Advertise On EU-Digest

Annual Advertising Rates

12/23/12

Energy: Caspian Basin: "As Energy Prices Head North, Democratization Goes South " - by Steve LeVine

Quiz: Over the next three months, three former Soviet republics will hold elections – Kazakhstan, Turkmenistan and Russia. Whose official outcome will most closely resemble the truth?

If you replied Russia's upcoming presidential election, you are correct, which, given the apparent scale of fraud in its December 4 Duma vote, says much about politics on the Caspian Sea oil patch: While Vladimir Putin reluctantly permitted a large election protest in Moscow – and may face more in the coming weeks – the popular will is likely to play almost no role in the voting along Russia’s southern rim. Instead, the rulers of these self-styled sultanates, courted by the West since the 1990s for their hydrocarbons and geostrategic location, will declare outsized victories for their chosen candidates, unruffled by the turbulence that has terrified petrocrats elsewhere.  

The rulers of this stretch of land seem to think they will simply hang on. One is led to conclude that they may be right, given the region’s history. Yet, their gamble is considerable – that the influences of the outside world, held at bay for so many centuries, will remain far, far away. 

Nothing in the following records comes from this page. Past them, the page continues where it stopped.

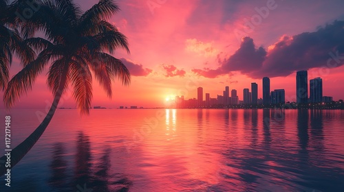 Obraz premium Stunning sunset over miami skyline cityscape tranquil waters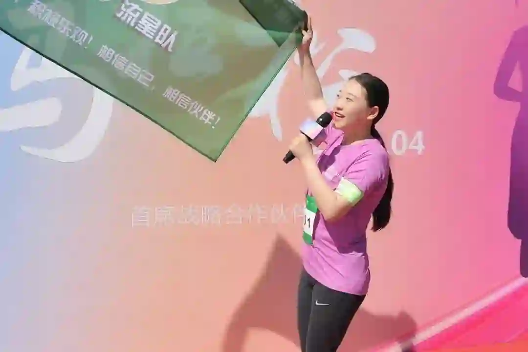 本届木兰马拉松的荣誉队长韩小红向胜利招手。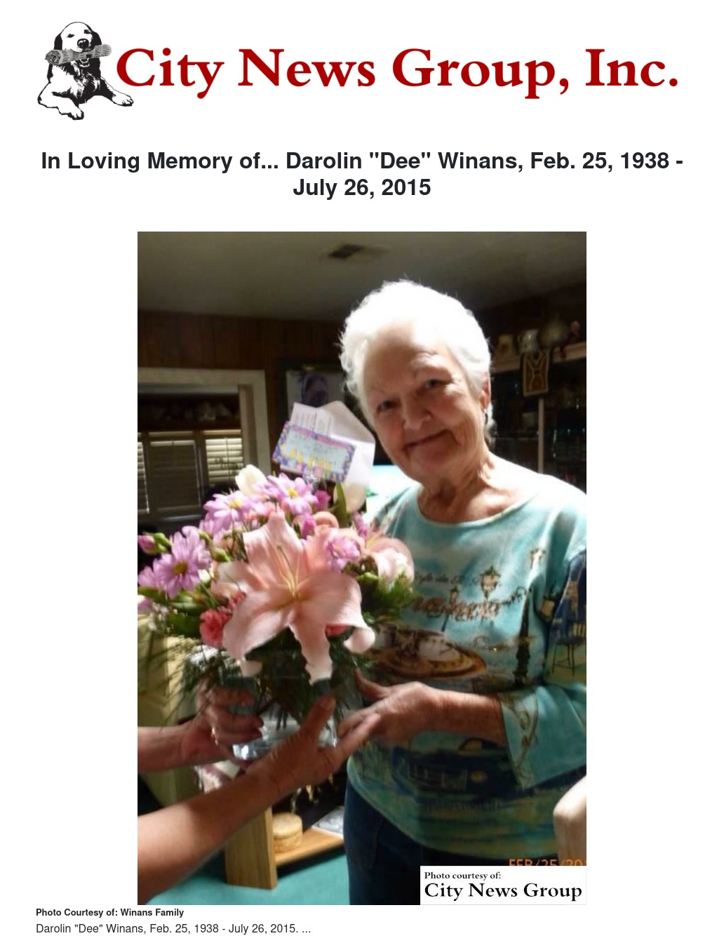 In Loving Memory of... Darolin "Dee" Winans, Feb. 25, 1938 - July 26, 2015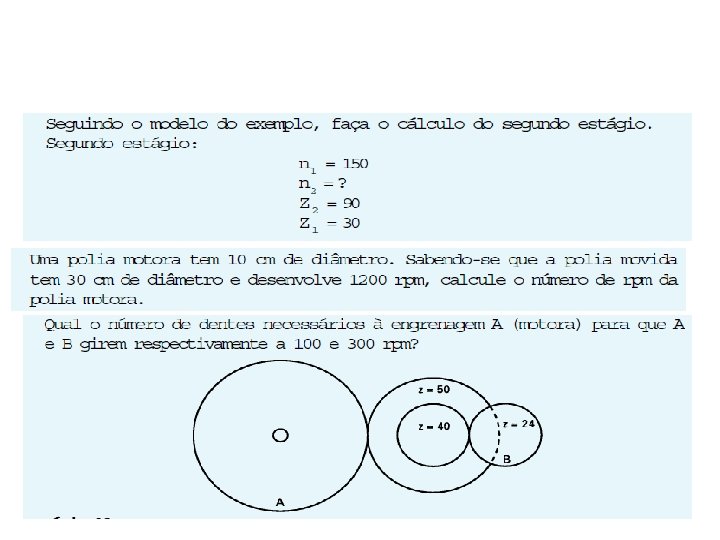 • Os conjuntos formados por polias e correias e os formados por engrenagens são responsáveis pela transmissão da velocidade do motor para a máquina. • Geralmente, os motores possuem velocidade fixa. No entanto, esses conjuntos transmissores de velocidade são capazes também de modificar a velocidade original do motor para atender às necessidades operacionais da máquina. • Assim, podemos ter um motor que gire a 600 rotações por minuto (rpm) movimentando uma máquina que necessita de apenas 60 rotações por minuto. • Isso é possível graças aos diversos tipos de combinações de polias e correias ou de engrenagens, que modificam a relação de transmissão de velocidade entre o motor e as outras partes da máquina. • Em situações de manutenção ou reforma de máquinas, o mecânico às vezes encontra máquinas sem placas que identifiquem suas rpm. Ele pode também estar diante da necessidade de repor polias ou engrenagens cujo diâmetro ou número de dentes ele desconhece, mas que são dados de fundamental importância para que se obtenha a rpm operacional original da máquina.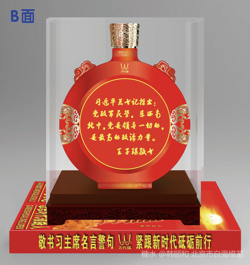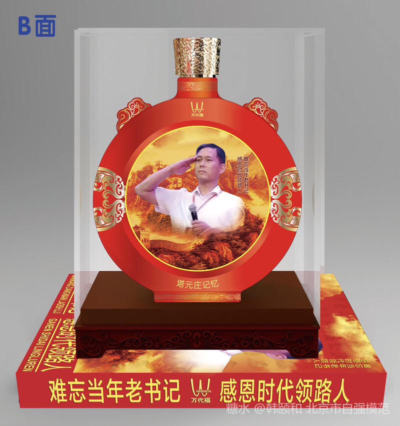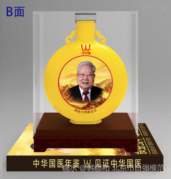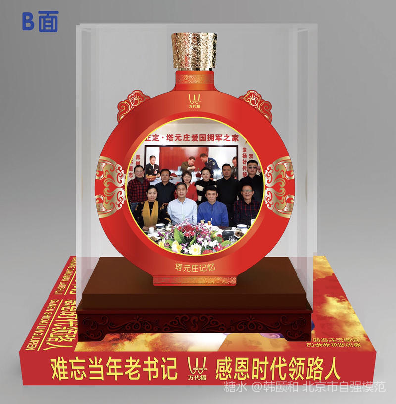“颐和包装”的“为正定喝彩”的系列纪念品,A面是艺术家或“私人订制者”的形象,B面是艺术家的作品或“私人订制者”敬书习主席的名言警句。器皿内是贵州大兴东酒业出品的3斤酱香老酒,包装内是一本介绍正定历史文化的书籍。

Two decades after the Soviet breakup, the Caspian is reaping the profits of more than 1.5 million barrels a day of oil exports. It is one of China’s choice suppliers of natural gas. And it is an increasingly crucial military staging ground for the United States, which originally embraced the republics in order to direct their oil and gas through new pipelines to the West, and now to facilitate the shipment of war supplies to Afghanistan. 
Judging by the rulers’ behavior, this trifecta of factors has helped to make them feel insulated from the political and economic trends pushing and pulling the rest of the world. While the Arab Spring has persuaded even Saudi Arabia to shower $130 billion in added payouts on its population as insurance against unrest, the rulers of Kazakhstan and Turkmenistan, along with Azerbaijan and Uzbekistan, have more or less gone about their usual business.